This article is written by a student writer from the Her Campus at Nottingham chapter.

One of the more profound questions we have is about the nature of time. Italian physicist Carlo Rovelli specialised in quantum gravity research, where his book “The Order of Time’ delves into how time works in the world of physics. He provides an insightful look into how we can further understand the notion of time from literature, science, and philosophy alike. 

“Why do we remember the past and not the future? Do we exist in time, or does time exist in us? What ties time to our nature as persons to our subjectivity?”

“Two friends seperate, with one of them living in the plains and the other going to live in the mountains. They meet up again years later; the one who has stayed down there has lived less, aged less, and the mechanism of his cuckoo clock has oscillated fewer times. He has had less time to do things, his thoughts have had less time to unfold.”

“The secret of time lies in the slippage that we feel on our pulse, viscerally, in the enigma of memory, in anxiety about the future.”

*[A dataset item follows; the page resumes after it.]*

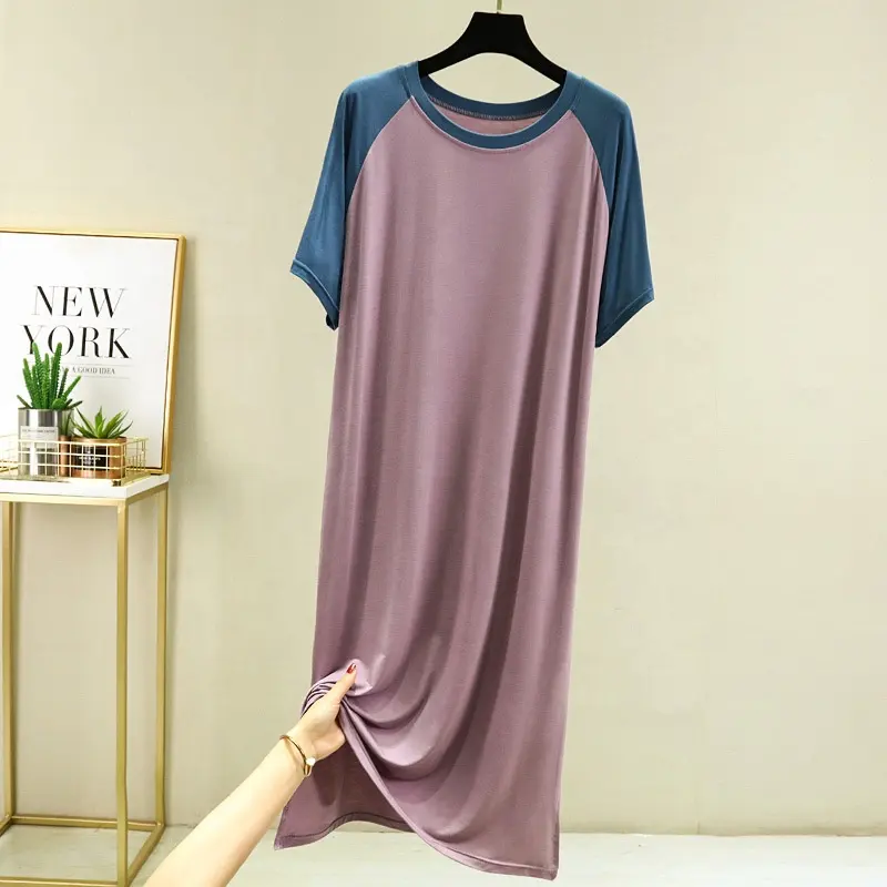 Women Plus Size Solid Color Dress Round Neck Vietnam Mid Sleeve Dress Large Swing Plus Size Women's Dresses

“For millennia before clocks, our only regular way of measuring time had been the alternation of day and night. The rhythm of the day followed by night also regulates the lives of plants and animals. Diurnal rhythms are ubiquitous in the natural world. They are essential to life, and it seems to me probable that they played a key role in the very origin of life on earth.”

“So if nothing changes, if nothing moves, does time, therefore, cease to pass? Time is our way of situating ourselves in relation to the changing of things: the placing of ourselves in relation to the counting of days. Time is the measure of change: if nothing changes, there is no time.”

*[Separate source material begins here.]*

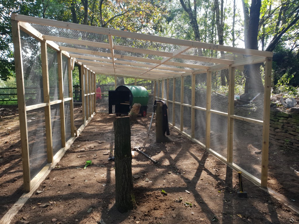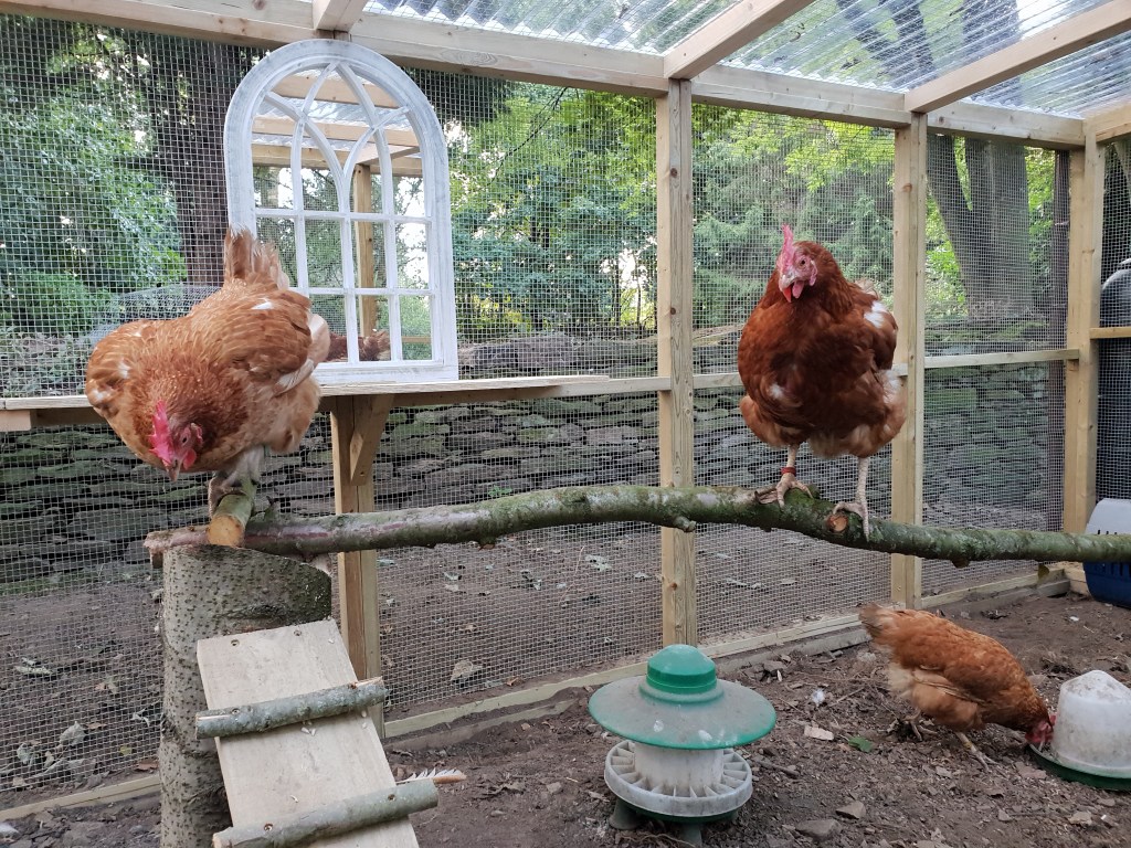 Once the plastic roof panels were attached the real fun started, adding things to keep the girls active and interested. Having watched them play for over a year I knew that tree stumps to jump on are great fun, as is roosting on branches. But I also asked online groups who had some great ideas.

“We can say: I see a table, a chair, a pen, the ceiling— and that between myself and the table, there is nothing. Or we can say that between one and another of these things, there is air. Sometimes we speak of air as if it were something, sometimes as if it were nothing.”

Whilst there is ample evidence of technical knowledge, Rovelli manages to spin a complex web of how we might understand time; through poetry, culture, anecdotes and history. Here is a collection of moments throughout Rovelli’s book that holds particular significance to how we understand time, and ourselves through it.

Tashfia Monzur

Nottingham '24

I'm excited to be part of the Her Campus team and write about the things I love! :)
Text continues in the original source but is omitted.